It is unlikely that you would get someone who is severely clinically malnourished in the exam but certain degrees of protein-calorie malnutrition in the long case inpatient would be a reasonable occurrence. At least 25% of acute care inpatients apparently show signs of protein-calorie malnutrition which is a pathologic depletion of the body’s lean tissues caused by starvation +/- catabolic stress.

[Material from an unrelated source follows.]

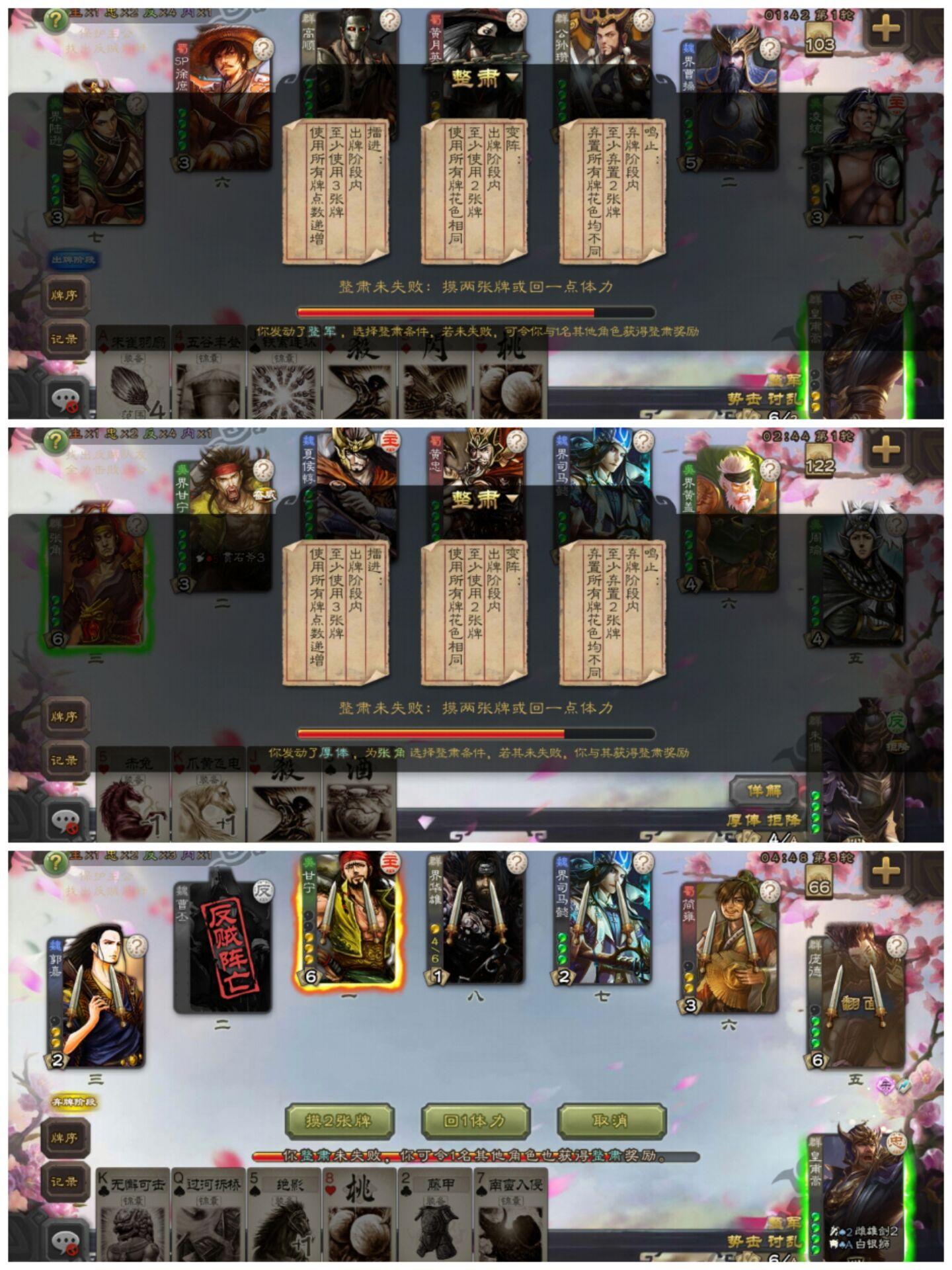 擂进:出牌阶段内至少使用3张牌,点数递增

Historical signs that would point to a diagnosis of PEM include unremitting, involuntary weight loss that is greater than 10% in the previous 6 months, and especially in the last few weeks; severely curtailed food intake; persistent, essentially daily gastrointestinal symptoms such as anorexia, nausea, vomiting or diarrhoea over the last 2 weeks; marked reduction in physical capacity and the presence of metabolic stress due to trauma, inflammation or infection.
Clinical signs include a reduced body weight, muscle wasting and decreased strength, reduced respiratory and cardiac muscle capacity, skin thinning, hypothermia, apathy, oedema, immunodeficiency. Perhaps look for a loss of subcutaneous fat and decreased mass in the temporal, deltoid, intercostal, upper arm, gluteal, thigh and calf muscles. When commenting on its possibly in an inpatient be sure also to mention more profound measures of malnutrition such as cheilitis and glossitis (Vit B) and ask for nutritional indices such as folate, B12, Iron levels, Albumin and pre-albumin.